Records shown:
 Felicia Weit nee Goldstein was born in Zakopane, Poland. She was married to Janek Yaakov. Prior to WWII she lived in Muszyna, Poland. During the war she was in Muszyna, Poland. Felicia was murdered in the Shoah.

==

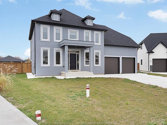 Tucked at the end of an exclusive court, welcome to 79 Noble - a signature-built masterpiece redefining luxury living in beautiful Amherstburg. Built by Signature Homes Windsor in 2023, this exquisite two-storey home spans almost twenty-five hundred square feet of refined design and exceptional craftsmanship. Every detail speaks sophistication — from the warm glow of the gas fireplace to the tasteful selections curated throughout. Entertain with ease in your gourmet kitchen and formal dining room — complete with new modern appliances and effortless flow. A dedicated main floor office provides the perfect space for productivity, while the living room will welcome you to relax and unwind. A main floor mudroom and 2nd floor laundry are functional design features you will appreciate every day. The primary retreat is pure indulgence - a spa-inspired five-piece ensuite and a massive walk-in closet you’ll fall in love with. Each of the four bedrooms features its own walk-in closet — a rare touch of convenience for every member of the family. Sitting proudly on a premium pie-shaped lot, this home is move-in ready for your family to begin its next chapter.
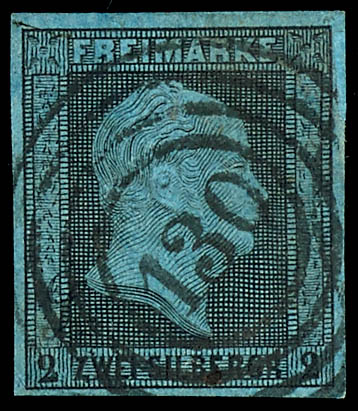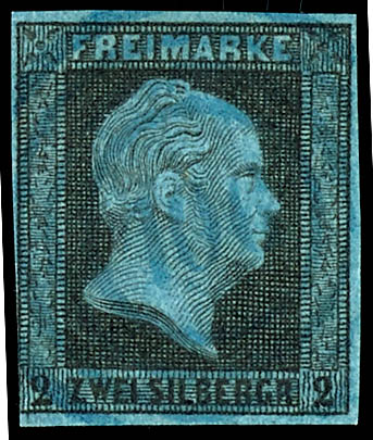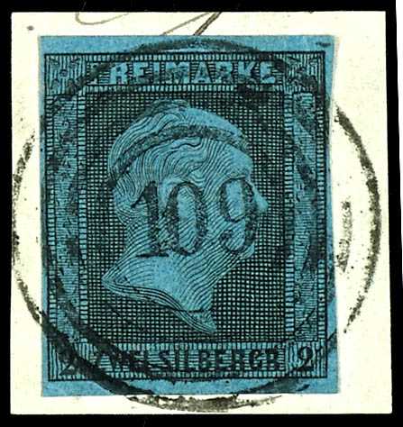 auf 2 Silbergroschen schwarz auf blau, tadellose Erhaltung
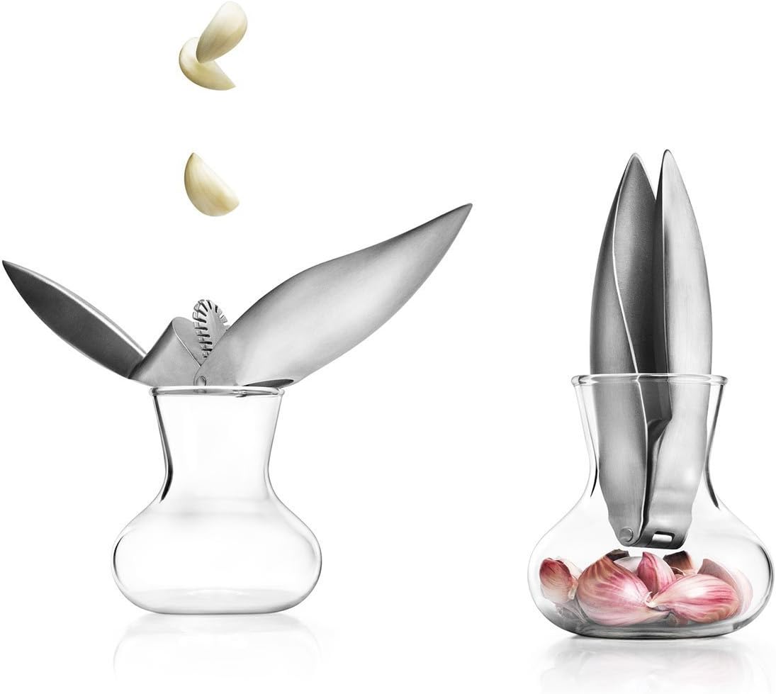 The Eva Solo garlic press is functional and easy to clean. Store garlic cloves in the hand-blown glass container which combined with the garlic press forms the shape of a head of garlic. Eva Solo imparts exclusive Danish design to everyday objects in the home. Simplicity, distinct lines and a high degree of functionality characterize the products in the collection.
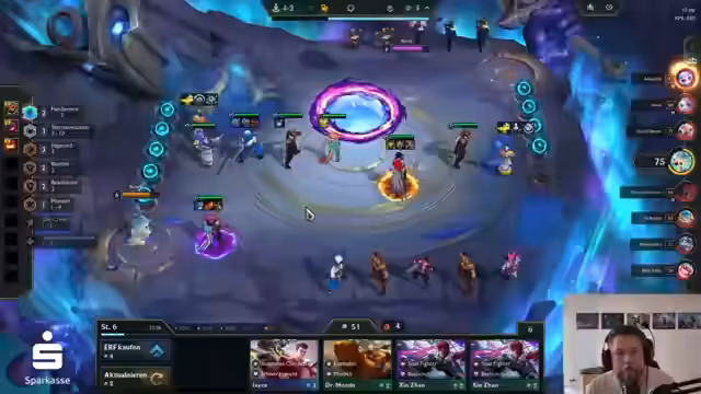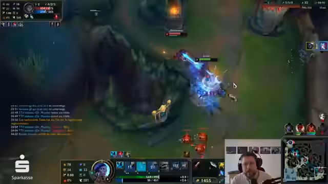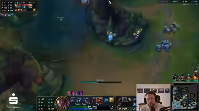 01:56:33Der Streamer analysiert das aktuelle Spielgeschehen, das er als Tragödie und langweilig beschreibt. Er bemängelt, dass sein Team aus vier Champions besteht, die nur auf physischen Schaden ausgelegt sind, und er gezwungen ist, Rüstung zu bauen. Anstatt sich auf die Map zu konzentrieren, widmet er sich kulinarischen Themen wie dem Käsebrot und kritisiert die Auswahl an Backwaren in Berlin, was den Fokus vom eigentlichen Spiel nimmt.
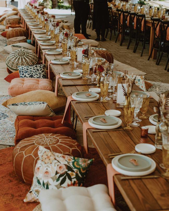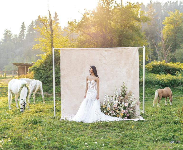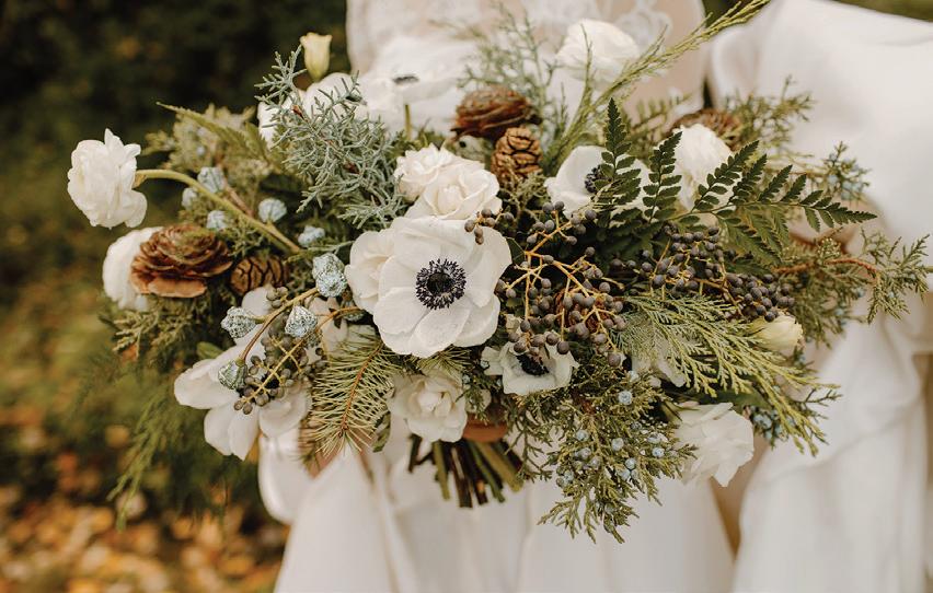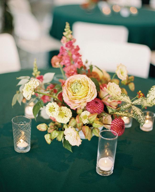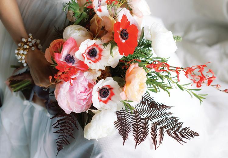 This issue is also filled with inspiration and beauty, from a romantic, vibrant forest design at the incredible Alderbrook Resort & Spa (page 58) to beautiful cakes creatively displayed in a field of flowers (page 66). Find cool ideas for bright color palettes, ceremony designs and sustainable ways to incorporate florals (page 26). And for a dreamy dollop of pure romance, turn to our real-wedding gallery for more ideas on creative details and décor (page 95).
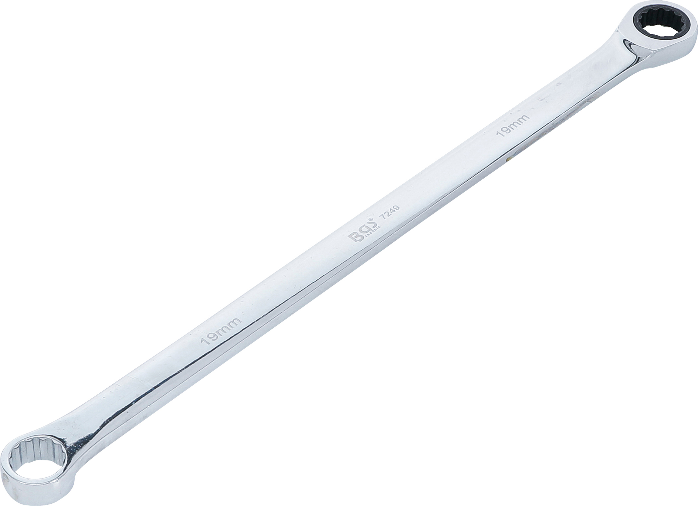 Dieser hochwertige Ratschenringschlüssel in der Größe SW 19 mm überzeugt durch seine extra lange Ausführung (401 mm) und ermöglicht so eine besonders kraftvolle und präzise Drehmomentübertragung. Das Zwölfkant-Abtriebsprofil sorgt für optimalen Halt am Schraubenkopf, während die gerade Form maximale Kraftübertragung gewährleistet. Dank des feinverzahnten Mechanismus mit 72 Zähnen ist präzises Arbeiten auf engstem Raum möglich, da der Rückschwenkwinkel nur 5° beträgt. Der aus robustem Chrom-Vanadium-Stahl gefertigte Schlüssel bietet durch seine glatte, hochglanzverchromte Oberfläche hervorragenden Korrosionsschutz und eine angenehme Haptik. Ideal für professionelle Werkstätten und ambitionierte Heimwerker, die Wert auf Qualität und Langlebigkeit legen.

---

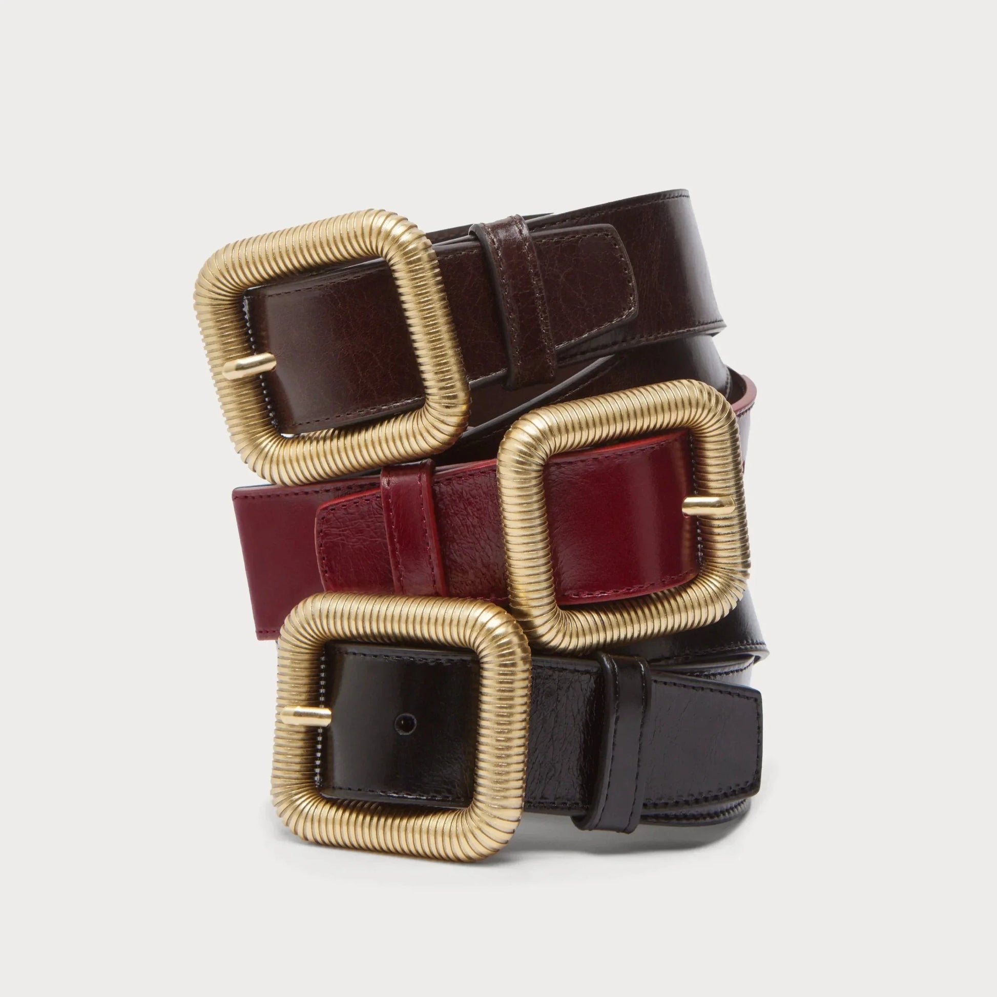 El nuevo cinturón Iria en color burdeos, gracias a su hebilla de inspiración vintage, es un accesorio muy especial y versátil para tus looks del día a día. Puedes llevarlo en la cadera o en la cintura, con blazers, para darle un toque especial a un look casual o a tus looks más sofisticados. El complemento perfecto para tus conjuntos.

About this exercise:
Look above for the line with "01:56:33Der Streamer analysiert" and the line with "This issue is". Give again exactly those two lines and all lines between them, pictures excluded.

Result of the exercise:
 01:56:33Der Streamer analysiert das aktuelle Spielgeschehen, das er als Tragödie und langweilig beschreibt. Er bemängelt, dass sein Team aus vier Champions besteht, die nur auf physischen Schaden ausgelegt sind, und er gezwungen ist, Rüstung zu bauen. Anstatt sich auf die Map zu konzentrieren, widmet er sich kulinarischen Themen wie dem Käsebrot und kritisiert die Auswahl an Backwaren in Berlin, was den Fokus vom eigentlichen Spiel nimmt.
 This issue is also filled with inspiration and beauty, from a romantic, vibrant forest design at the incredible Alderbrook Resort & Spa (page 58) to beautiful cakes creatively displayed in a field of flowers (page 66). Find cool ideas for bright color palettes, ceremony designs and sustainable ways to incorporate florals (page 26). And for a dreamy dollop of pure romance, turn to our real-wedding gallery for more ideas on creative details and décor (page 95).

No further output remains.